BRIEF - Exact copy, no pictures: reproduce the lines from the one that holds "If the point" through the end of the entries.

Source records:
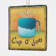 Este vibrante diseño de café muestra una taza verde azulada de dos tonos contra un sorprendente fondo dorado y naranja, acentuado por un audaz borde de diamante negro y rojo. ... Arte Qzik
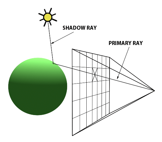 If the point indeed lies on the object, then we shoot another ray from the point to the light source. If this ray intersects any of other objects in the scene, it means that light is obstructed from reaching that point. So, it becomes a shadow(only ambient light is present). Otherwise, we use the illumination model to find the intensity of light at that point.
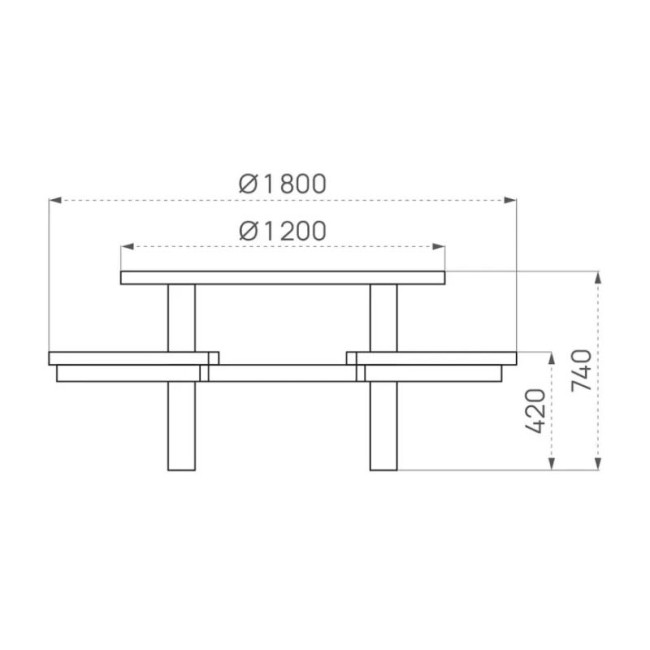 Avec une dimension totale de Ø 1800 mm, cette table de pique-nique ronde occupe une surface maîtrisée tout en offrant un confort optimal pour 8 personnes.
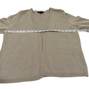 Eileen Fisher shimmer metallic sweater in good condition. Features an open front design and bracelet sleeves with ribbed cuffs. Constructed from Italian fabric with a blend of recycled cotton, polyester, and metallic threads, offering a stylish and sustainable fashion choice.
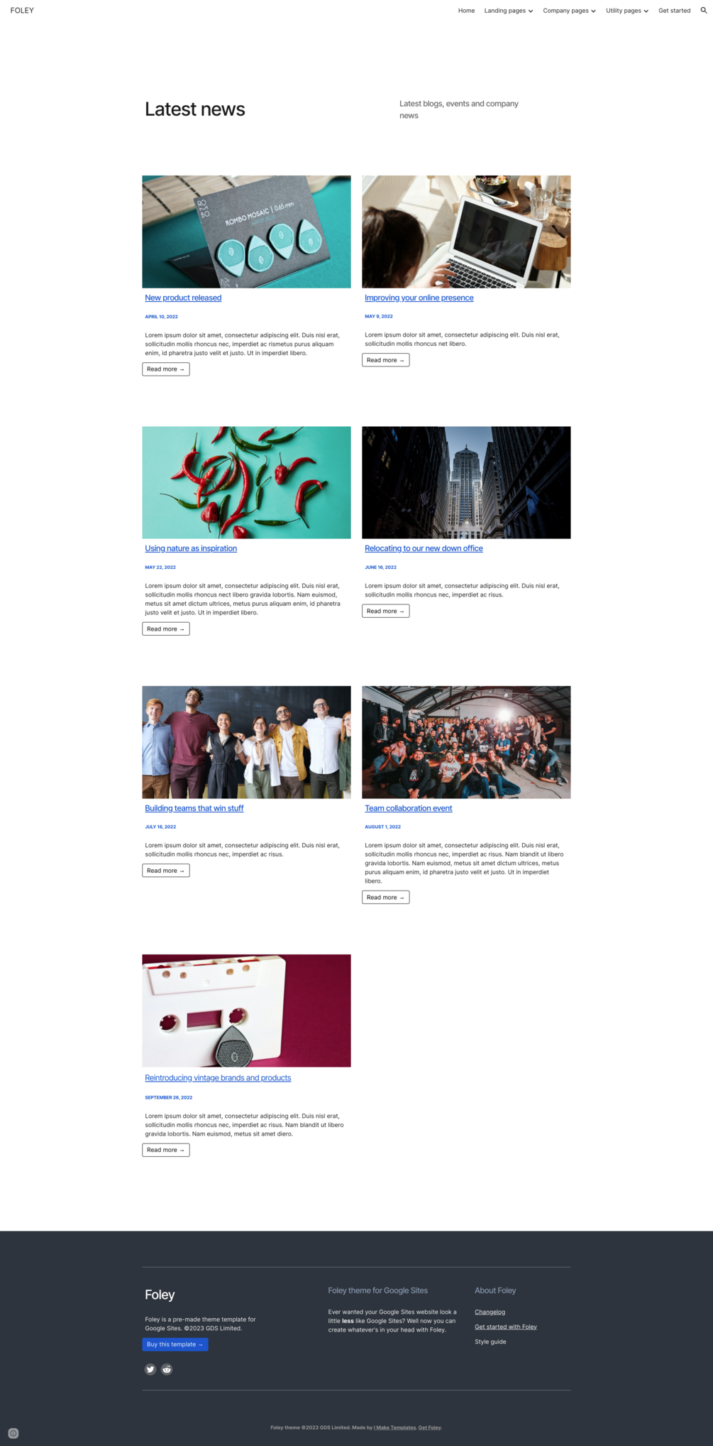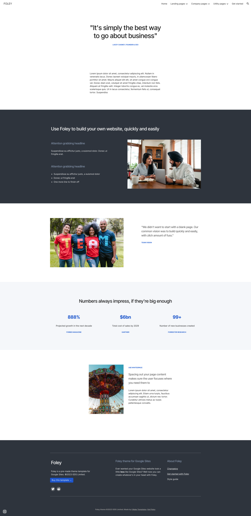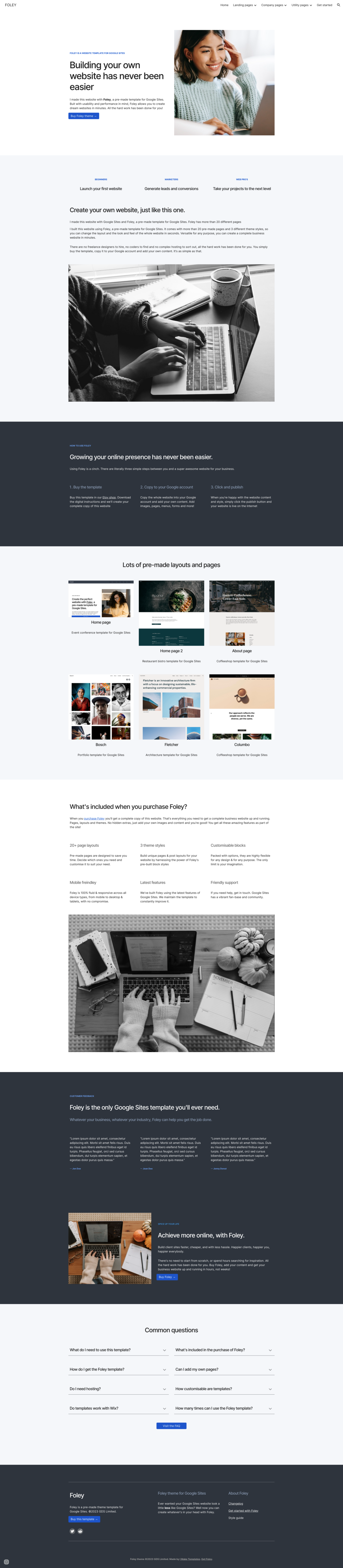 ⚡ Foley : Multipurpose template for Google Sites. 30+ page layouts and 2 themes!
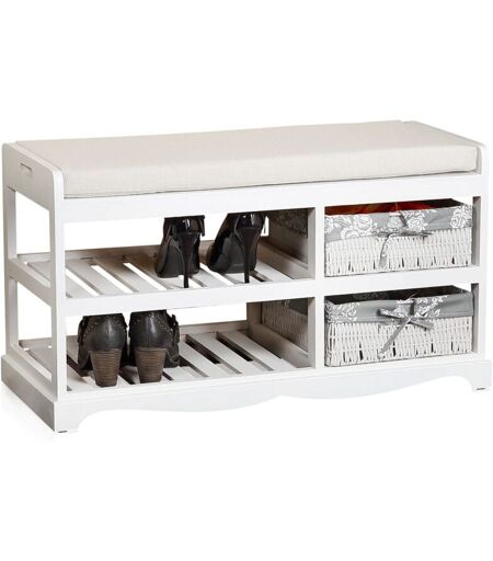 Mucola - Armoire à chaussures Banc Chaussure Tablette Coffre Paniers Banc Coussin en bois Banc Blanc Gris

ANSWER SECTION -
 If the point indeed lies on the object, then we shoot another ray from the point to the light source. If this ray intersects any of other objects in the scene, it means that light is obstructed from reaching that point. So, it becomes a shadow(only ambient light is present). Otherwise, we use the illumination model to find the intensity of light at that point.
 Avec une dimension totale de Ø 1800 mm, cette table de pique-nique ronde occupe une surface maîtrisée tout en offrant un confort optimal pour 8 personnes.
 Eileen Fisher shimmer metallic sweater in good condition. Features an open front design and bracelet sleeves with ribbed cuffs. Constructed from Italian fabric with a blend of recycled cotton, polyester, and metallic threads, offering a stylish and sustainable fashion choice.
 ⚡ Foley : Multipurpose template for Google Sites. 30+ page layouts and 2 themes!
 Mucola - Armoire à chaussures Banc Chaussure Tablette Coffre Paniers Banc Coussin en bois Banc Blanc Gris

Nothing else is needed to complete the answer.